The first cup of coffee wakes me up; it sharpens my mind; in a sense, it feels earned.
The second cup is a habit. The third is — I admit — pure anxiety (the same could be said for the fourth, fifth and so on).
What I noticed during the first week of Lent was not caffeine withdrawal (though that was real). It was the way I reached for coffee automatically — mid-afternoon slump, social break, mild stress, slight boredom. Coffee had quietly become my solution to everything.
Tired? Coffee. Writer’s block? Coffee. Existential dread in a seminar? Coffee.
Limiting myself to one cup forced a small but uncomfortable question: What am I actually trying to fix?

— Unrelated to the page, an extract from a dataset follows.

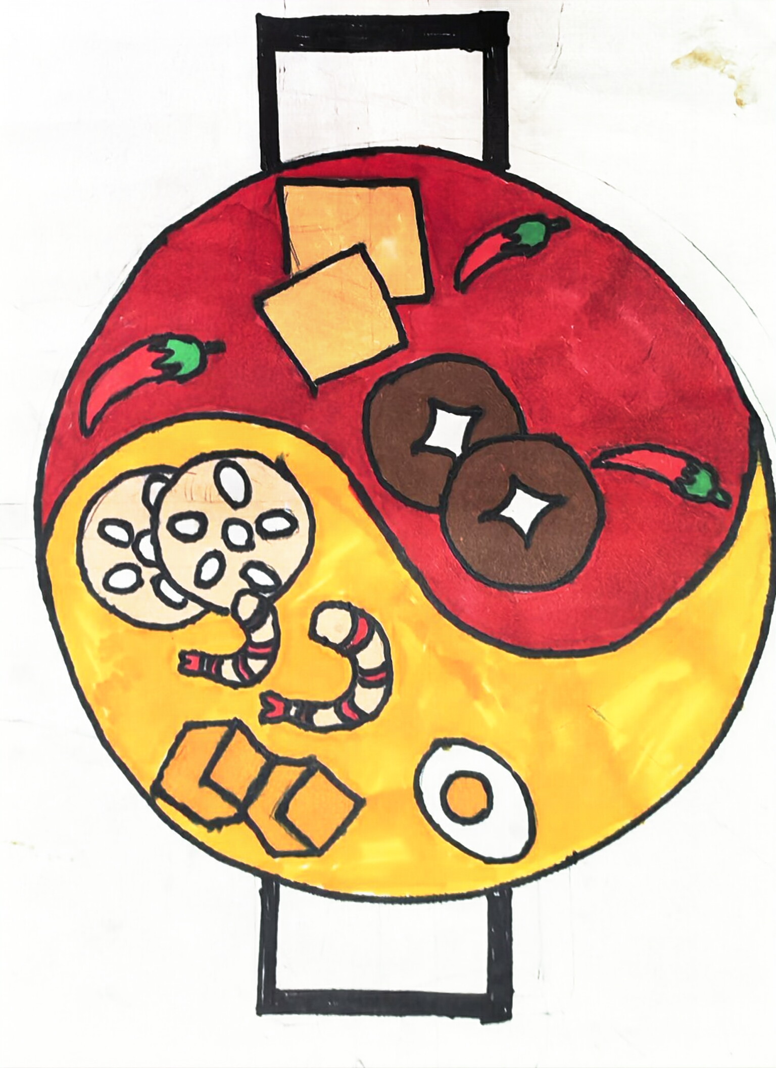 大家好!我画的是《生态鸳鸯锅・乡味小聚》哦!这是我家乡的特色火锅,里面的菜都是本地种的生态菜、养的新鲜虾!来我家乡旅游,除了看漂亮的山水,一定要尝尝这热乎乎的鸳鸯锅~咱们吃的时候要按需夹菜,不浪费食物,这也是爱护家乡生态的小办法哦!快来我家乡玩,吃香香的生态火锅,逛好看的风景,一起当快乐又环保的小游客吧!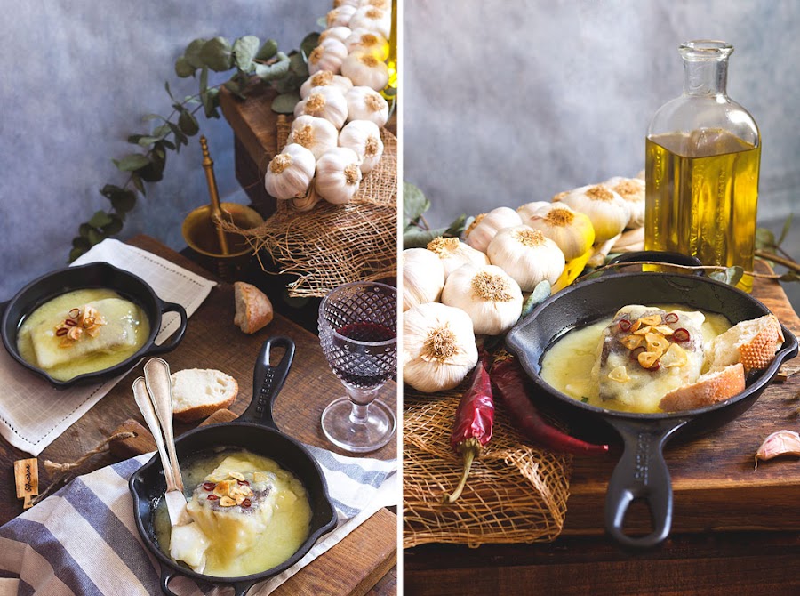 Para la preparación de ésta receta se necesita tan solo cuatro ingredientes, bacalao, generalmente en salazón, aceite de oliva virgen extra suave, ajos y guindilla además de una cazuela de fondo ancho para que los trozos de bacalao quepan con amplitud y poder hacer ese vaivén tan característico que hace que se ligue la salsa.

We often imagine sacrifice as subtraction, but what it really does — at least in my case — is reveal attachment.
I wasn’t addicted to caffeine. I was attached to its stimulation — to the feeling of being constantly “on.” Coffee had become sacramental: the liquid, unconscious, proof that I was busy, driven and serious.
To have only one cup, I had to accept something: I will get tired. I will slow down. I will not optimize every hour. And maybe that’s the point.
I think we don’t normalize saying “This is enough.”
Enough caffeine. Enough stimulation. Enough output.
One coffee a day doesn’t make me less productive (at least not yet). It has made me more intentional. Now, when I do take my first (and only) coffee of the day, I savor it. I don’t scroll while drinking it or gulp it between emails. Drinking my coffee has become more of a moment than a mechanism.
Lent asks us to practice restraint, not because desire is bad — but because, sometimes, unexamined desire ends up running the show. And, really, the second (third, fourth or fifth) cup is rarely about the coffee — at least not for me.
Fasting, in any form, confronts us with a truth: Most of what we consume is not for survival — it is for comfort, distraction. Almost to the extent that unconscious consumption outweighs the conscious.
As with anything, when you take something small away, you discover what is underneath it. For me, I took four coffees a day away and discovered it was restlessness. And in that restlessness, I found an invitation: Maybe I don’t need more energy; maybe I need more stillness.
One coffee a day won’t change the world, but it might change the way I move through it — and sometimes, for 40 days, that’s enough.